What needs to be done: If pictures appear in the lines below, skip them and copy exactly the lines from the one containing "Hier können Sie" through the one containing "我们其实没想把事情闹大。我们", and nothing else.

Records for processing:
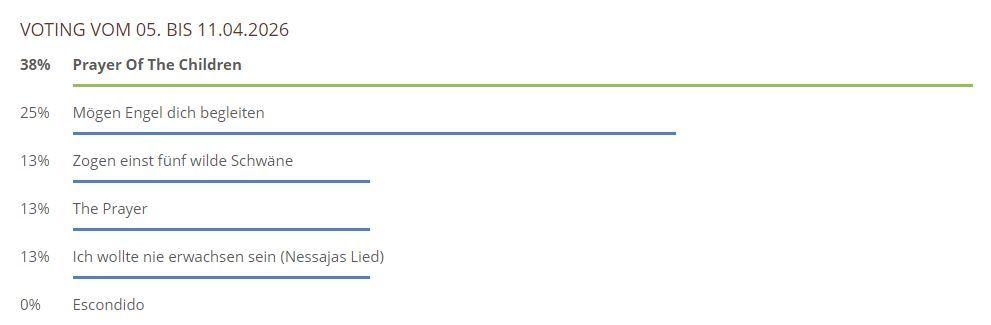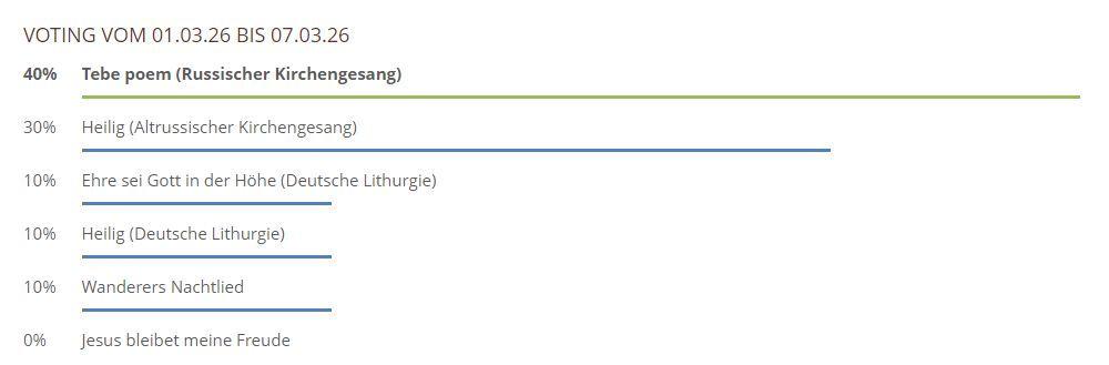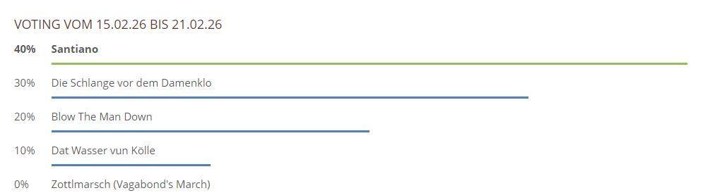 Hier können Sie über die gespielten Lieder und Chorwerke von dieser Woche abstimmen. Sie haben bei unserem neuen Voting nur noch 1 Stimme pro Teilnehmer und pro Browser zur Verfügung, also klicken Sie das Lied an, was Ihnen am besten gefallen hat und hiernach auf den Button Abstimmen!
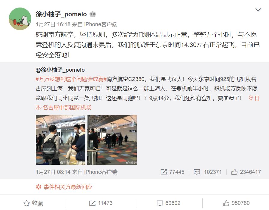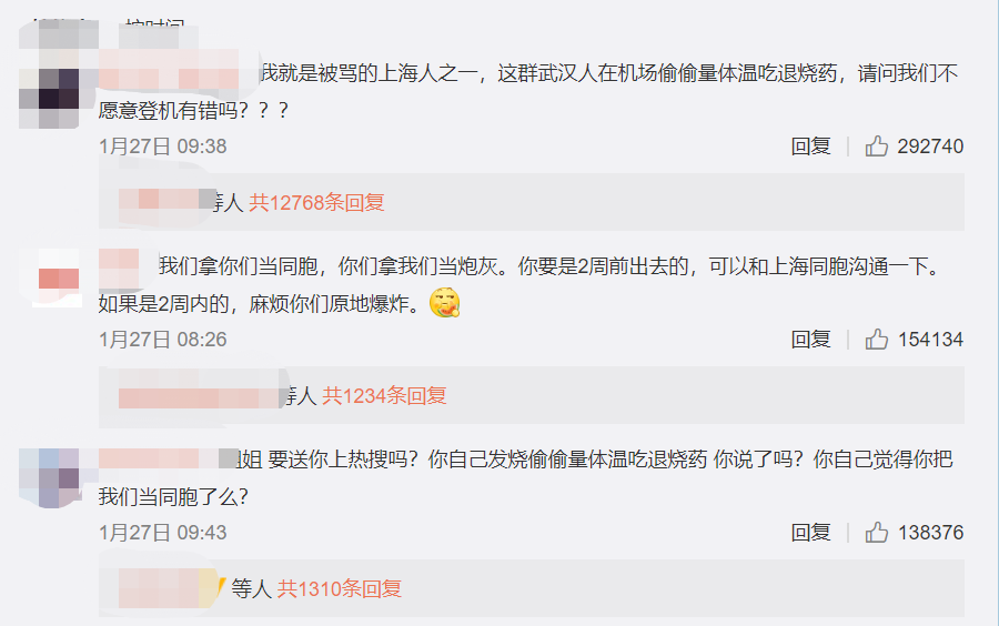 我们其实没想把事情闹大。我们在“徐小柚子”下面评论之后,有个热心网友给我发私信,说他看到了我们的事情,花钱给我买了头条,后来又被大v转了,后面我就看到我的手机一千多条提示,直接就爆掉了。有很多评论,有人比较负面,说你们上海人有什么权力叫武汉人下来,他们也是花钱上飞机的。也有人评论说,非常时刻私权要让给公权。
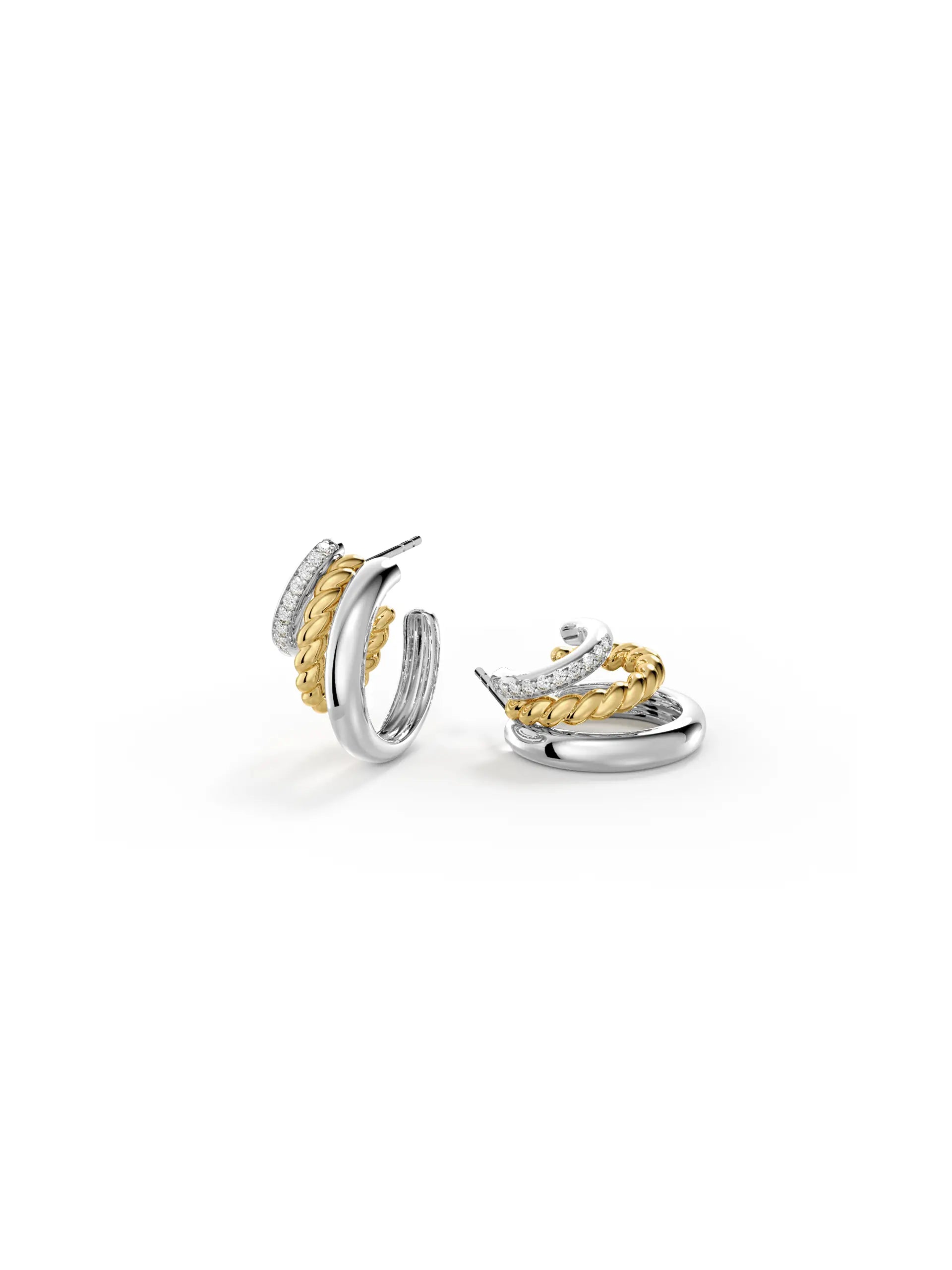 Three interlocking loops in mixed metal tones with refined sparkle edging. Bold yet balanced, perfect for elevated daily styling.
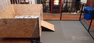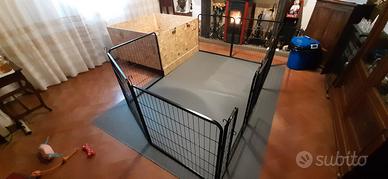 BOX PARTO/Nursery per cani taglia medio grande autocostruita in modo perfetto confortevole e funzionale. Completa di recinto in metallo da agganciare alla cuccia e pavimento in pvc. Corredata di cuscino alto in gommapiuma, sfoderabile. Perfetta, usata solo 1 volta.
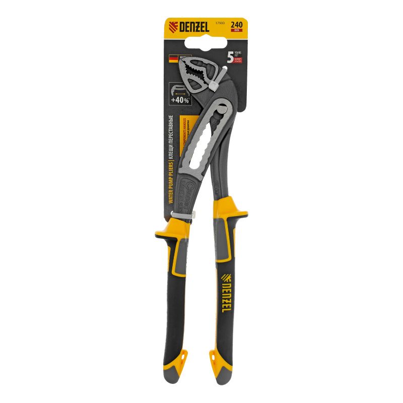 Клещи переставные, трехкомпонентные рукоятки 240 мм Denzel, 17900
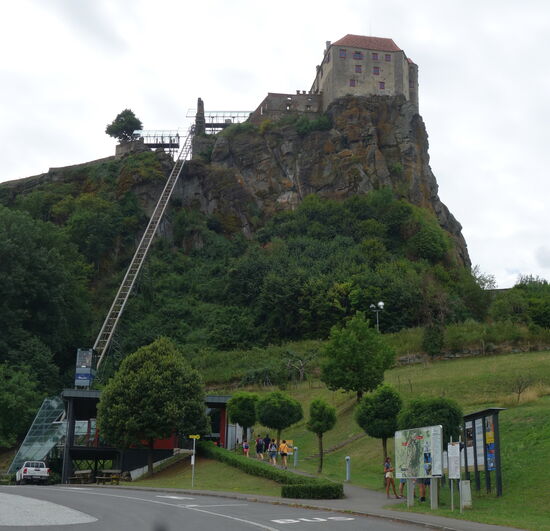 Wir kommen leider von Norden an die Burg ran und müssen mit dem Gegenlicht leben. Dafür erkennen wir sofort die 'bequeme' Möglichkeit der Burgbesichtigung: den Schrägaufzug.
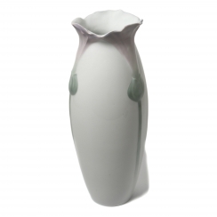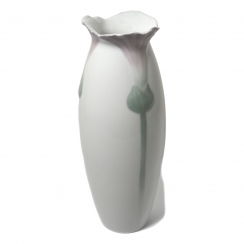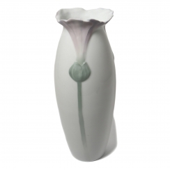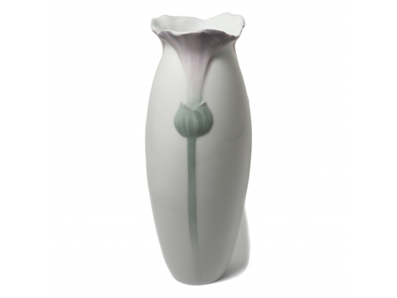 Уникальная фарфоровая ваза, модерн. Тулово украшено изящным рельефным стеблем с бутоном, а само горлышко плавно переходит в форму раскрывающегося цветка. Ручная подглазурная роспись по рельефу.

---

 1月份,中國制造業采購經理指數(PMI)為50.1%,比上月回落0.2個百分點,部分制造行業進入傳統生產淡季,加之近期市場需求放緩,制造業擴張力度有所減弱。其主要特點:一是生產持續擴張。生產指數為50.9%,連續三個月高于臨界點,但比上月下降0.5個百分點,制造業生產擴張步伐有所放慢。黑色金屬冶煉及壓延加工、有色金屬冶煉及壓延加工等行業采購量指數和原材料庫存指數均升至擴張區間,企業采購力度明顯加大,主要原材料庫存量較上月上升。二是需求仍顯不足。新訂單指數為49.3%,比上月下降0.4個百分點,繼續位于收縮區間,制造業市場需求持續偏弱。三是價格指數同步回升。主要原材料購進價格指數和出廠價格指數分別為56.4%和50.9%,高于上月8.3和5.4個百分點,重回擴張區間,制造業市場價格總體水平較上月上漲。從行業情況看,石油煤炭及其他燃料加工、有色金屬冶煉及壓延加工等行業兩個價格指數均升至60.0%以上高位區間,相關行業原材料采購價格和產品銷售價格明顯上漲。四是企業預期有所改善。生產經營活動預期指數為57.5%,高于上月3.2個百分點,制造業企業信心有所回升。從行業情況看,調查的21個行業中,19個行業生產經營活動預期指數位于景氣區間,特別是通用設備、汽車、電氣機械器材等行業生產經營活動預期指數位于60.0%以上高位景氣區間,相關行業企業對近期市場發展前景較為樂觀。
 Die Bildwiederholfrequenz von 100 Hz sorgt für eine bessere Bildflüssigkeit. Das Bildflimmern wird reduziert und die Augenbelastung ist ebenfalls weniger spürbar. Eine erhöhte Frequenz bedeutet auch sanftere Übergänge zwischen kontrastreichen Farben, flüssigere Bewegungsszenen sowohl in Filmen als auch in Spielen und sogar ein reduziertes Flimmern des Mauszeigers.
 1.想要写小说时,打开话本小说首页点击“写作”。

---

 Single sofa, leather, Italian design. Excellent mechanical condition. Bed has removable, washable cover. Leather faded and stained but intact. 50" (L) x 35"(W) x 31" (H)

Answer section:
 Hier können Sie über die gespielten Lieder und Chorwerke von dieser Woche abstimmen. Sie haben bei unserem neuen Voting nur noch 1 Stimme pro Teilnehmer und pro Browser zur Verfügung, also klicken Sie das Lied an, was Ihnen am besten gefallen hat und hiernach auf den Button Abstimmen!
 我们其实没想把事情闹大。我们在“徐小柚子”下面评论之后,有个热心网友给我发私信,说他看到了我们的事情,花钱给我买了头条,后来又被大v转了,后面我就看到我的手机一千多条提示,直接就爆掉了。有很多评论,有人比较负面,说你们上海人有什么权力叫武汉人下来,他们也是花钱上飞机的。也有人评论说,非常时刻私权要让给公权。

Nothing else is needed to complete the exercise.